◆ Assignment: Exactly repeat all the records below, omitting the images they hold.

Dataset records

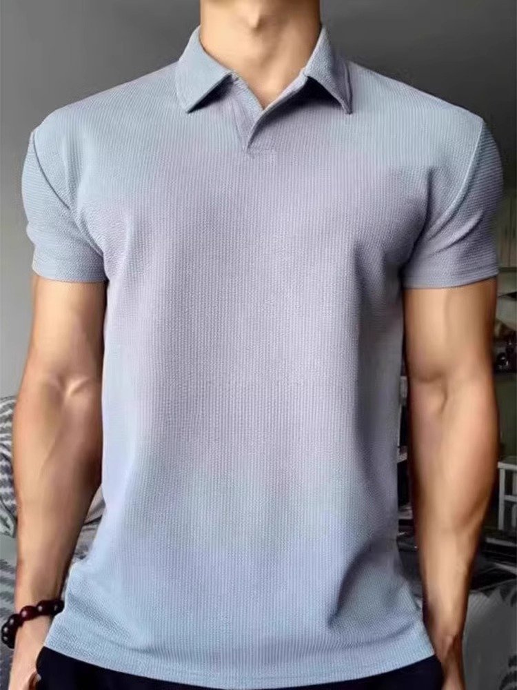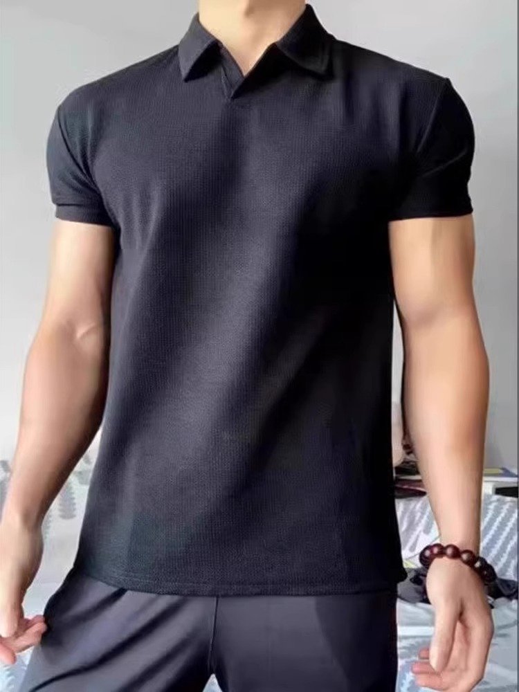 收袖口t恤男夏季美式重磅亨利领短袖翻领健
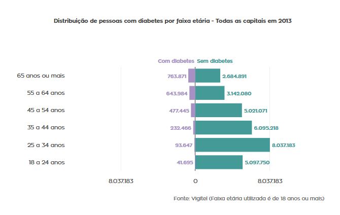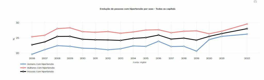 Já a hipertensão atinge 28,1% da população de 18 ou mais anos de idade das capitais. Estes seguem padrões semelhantes de maior prevalência em mulheres (29,6% para mulheres e 26,3% para homens). Além disso, há aumento gradual com a idade (alcançando 64,6% para 65 ou mais anos de idade).
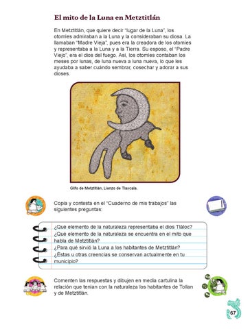 Copia y contesta en el “Cuaderno de mis trabajos” las siguientes preguntas: ¿Qué elemento de la naturaleza representaba el dios Tláloc? ¿Qué elemento de la naturaleza se encuentra en el mito que habla de Metztitlán? ¿Para qué sirvió la Luna a los habitantes de Metztitlán? ¿Éstas u otras creencias se conservan actualmente en tu municipio? Comenten las respuestas y dibujen en media cartulina la relación que tenían con la naturaleza los habitantes de Tollan y de Metztitlán.
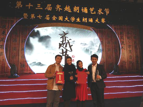 11月20日晚,第十三届齐越朗诵艺术节暨第七届全国大学生朗诵大赛在中国传媒大学圆满落幕,我校原创朗诵作品《光影人生》获得本次朗诵大赛二等奖。同时,我校荣获优秀组织奖。
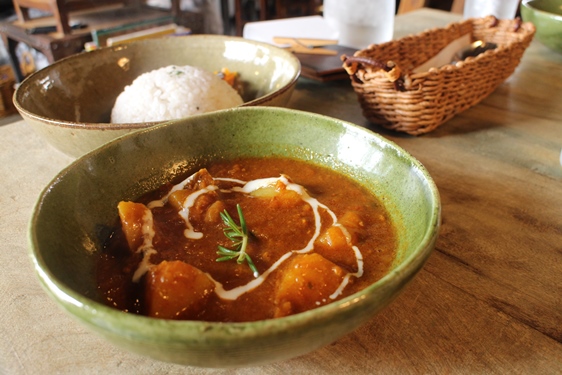 食事はカレーを頂きましたが控えめスパイスと酸味でやさしい味でした。前菜とサラダがついて1000円です。ドリンクやデザートをセット価格でつけることもできます。
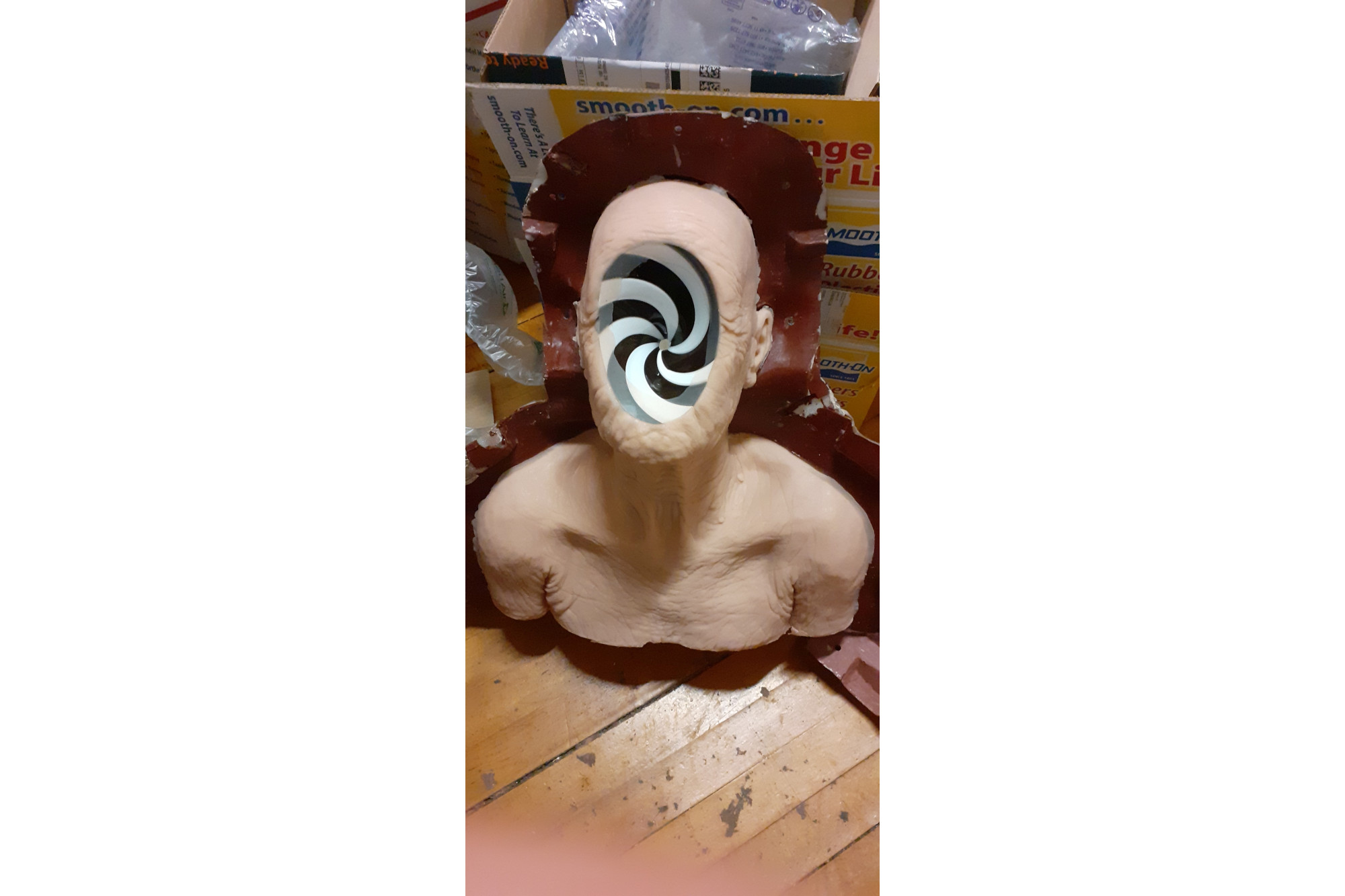 Once the inclusion has been seamlessly added to the sculpture, the entire bust, along with the glass inclusion, can be cast together. I use a two part, rigid fibre-glass mold for this process, because I am casting a flexible material (silicone) into it. It is important to fill undercuts anywhere on the glass inclusion using plasticine, as glass is also a rigid material and will likely break if caught in any undercuts.
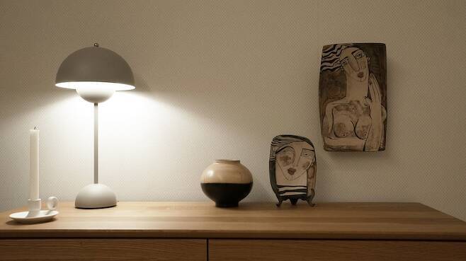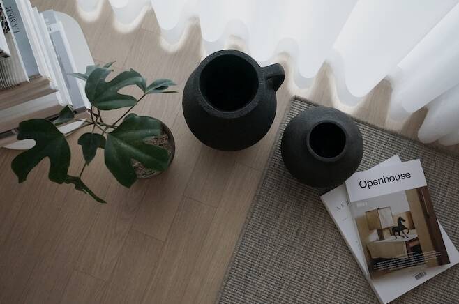 나무 외에도 둥근 형태의 항아리를 좋아해 세라믹 소재의 소품을 이용해 연출하기도 합니다.
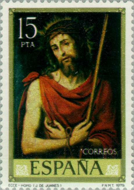 Visibility: public Image owner: none postage 9/28/1979 15p multi issue=400th Anniversary of the Death of Juan de Juanes d=Ecce-Homo Juan de Juanes unwmk Crops No visible images cropped from this one. Measurements Resolution is unknown. Source Source name: Colnect File URL: http://i.colnect.net/b/174/579/-Ecce-Homo--Juan-de-Juanes.jpg Uploaded April 23, 2013, 6:02 am by Stan Shebs |
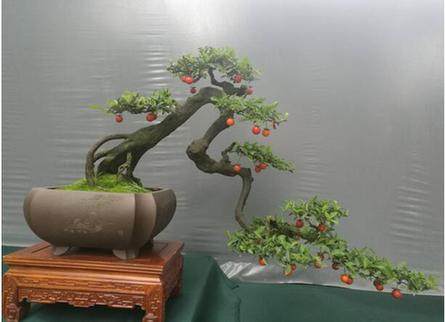 (图为“一枝红杏出墙来”的现场盆景展)
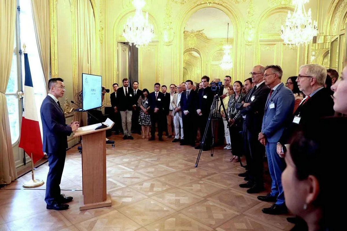盧沙野大使在招待會上致辭(圖片來源:中國駐法國使館)
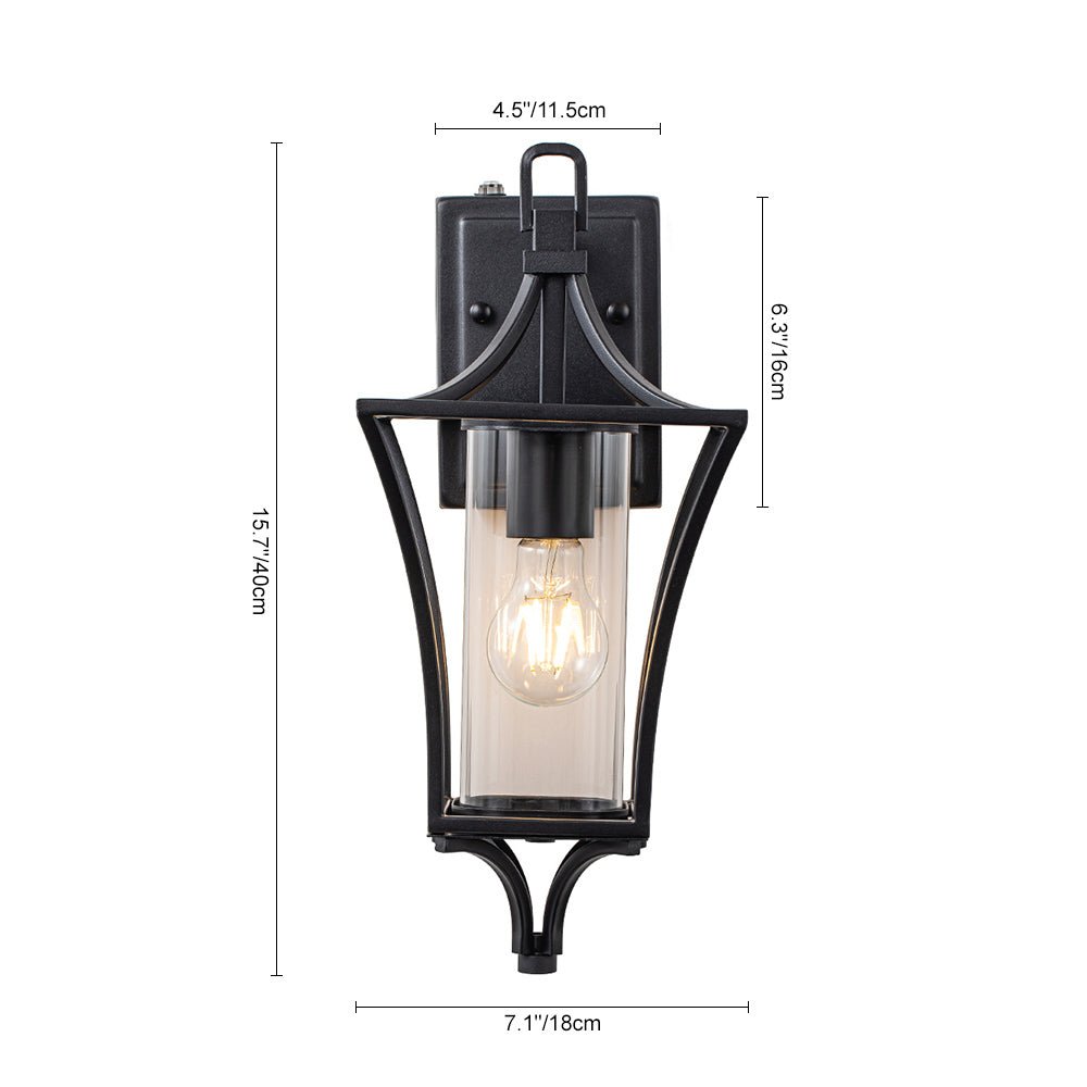 IP44 musta vedenpitävä 1-kevyt lyhty ulkoseinävalaisin
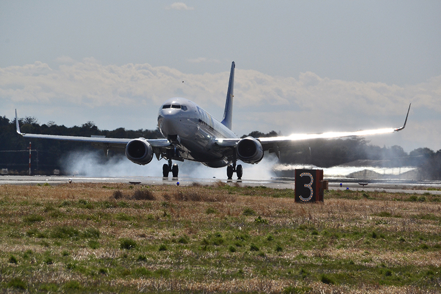 いつも茨城空港を訪れると、「何処か撮影できるところがないか」と探しているところに、偶然、着陸する到着便を目撃し、撮ってみようと思った場所です。 この場所で撮影したときに注意した点は、主に光線状態、機体の位置、フレーミングになります。 手前には畑が広がっていましたので、放射線状に入れてみたら面白いんじゃないかと、広角気味に撮影しました。
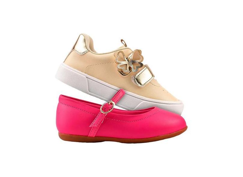 O menor preço encontrado no Brasil para Kit Com 2 Pares Tênis Bege E Sapatilha Pink Infantil Feminino - Babyki atualmente é R$ 83,61.
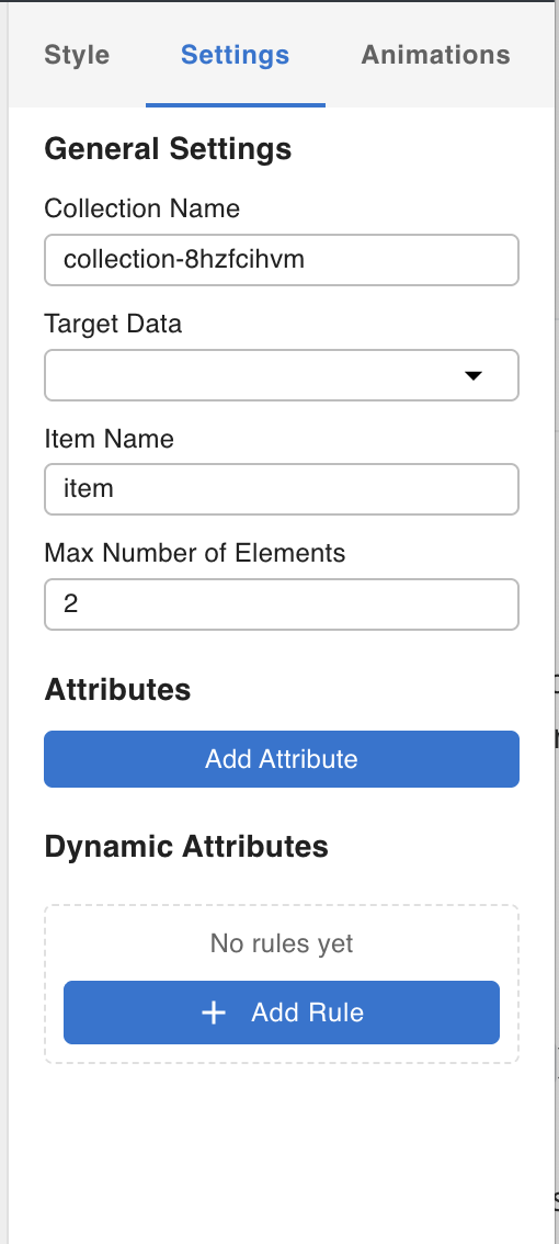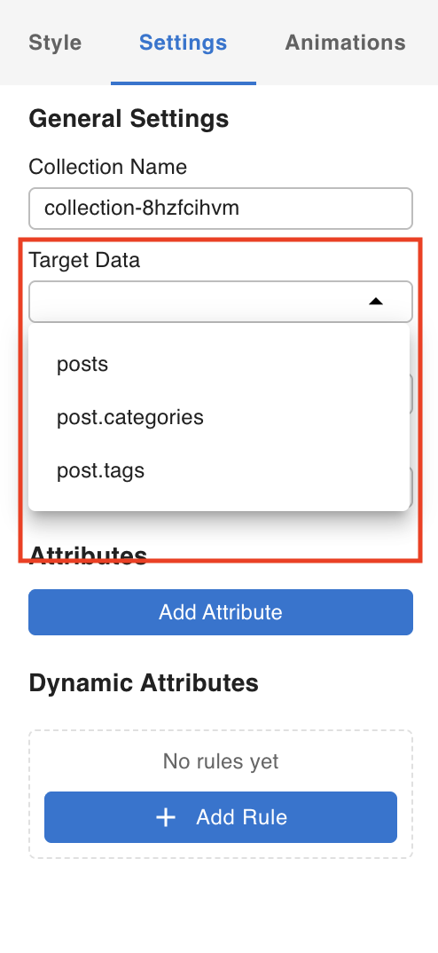 A dropdown listing any array-type Data Fetching Nodes present in the template. Select the data source you want this collection to iterate over.

◆ Answer for this exercise:
 收袖口t恤男夏季美式重磅亨利领短袖翻领健
 Já a hipertensão atinge 28,1% da população de 18 ou mais anos de idade das capitais. Estes seguem padrões semelhantes de maior prevalência em mulheres (29,6% para mulheres e 26,3% para homens). Além disso, há aumento gradual com a idade (alcançando 64,6% para 65 ou mais anos de idade).
 Copia y contesta en el “Cuaderno de mis trabajos” las siguientes preguntas: ¿Qué elemento de la naturaleza representaba el dios Tláloc? ¿Qué elemento de la naturaleza se encuentra en el mito que habla de Metztitlán? ¿Para qué sirvió la Luna a los habitantes de Metztitlán? ¿Éstas u otras creencias se conservan actualmente en tu municipio? Comenten las respuestas y dibujen en media cartulina la relación que tenían con la naturaleza los habitantes de Tollan y de Metztitlán.
 11月20日晚,第十三届齐越朗诵艺术节暨第七届全国大学生朗诵大赛在中国传媒大学圆满落幕,我校原创朗诵作品《光影人生》获得本次朗诵大赛二等奖。同时,我校荣获优秀组织奖。
 食事はカレーを頂きましたが控えめスパイスと酸味でやさしい味でした。前菜とサラダがついて1000円です。ドリンクやデザートをセット価格でつけることもできます。
 Once the inclusion has been seamlessly added to the sculpture, the entire bust, along with the glass inclusion, can be cast together. I use a two part, rigid fibre-glass mold for this process, because I am casting a flexible material (silicone) into it. It is important to fill undercuts anywhere on the glass inclusion using plasticine, as glass is also a rigid material and will likely break if caught in any undercuts.
 나무 외에도 둥근 형태의 항아리를 좋아해 세라믹 소재의 소품을 이용해 연출하기도 합니다.
 Visibility: public Image owner: none postage 9/28/1979 15p multi issue=400th Anniversary of the Death of Juan de Juanes d=Ecce-Homo Juan de Juanes unwmk Crops No visible images cropped from this one. Measurements Resolution is unknown. Source Source name: Colnect File URL: http://i.colnect.net/b/174/579/-Ecce-Homo--Juan-de-Juanes.jpg Uploaded April 23, 2013, 6:02 am by Stan Shebs |
 (图为“一枝红杏出墙来”的现场盆景展)
盧沙野大使在招待會上致辭(圖片來源:中國駐法國使館)
 IP44 musta vedenpitävä 1-kevyt lyhty ulkoseinävalaisin
 いつも茨城空港を訪れると、「何処か撮影できるところがないか」と探しているところに、偶然、着陸する到着便を目撃し、撮ってみようと思った場所です。 この場所で撮影したときに注意した点は、主に光線状態、機体の位置、フレーミングになります。 手前には畑が広がっていましたので、放射線状に入れてみたら面白いんじゃないかと、広角気味に撮影しました。
 O menor preço encontrado no Brasil para Kit Com 2 Pares Tênis Bege E Sapatilha Pink Infantil Feminino - Babyki atualmente é R$ 83,61.
 A dropdown listing any array-type Data Fetching Nodes present in the template. Select the data source you want this collection to iterate over.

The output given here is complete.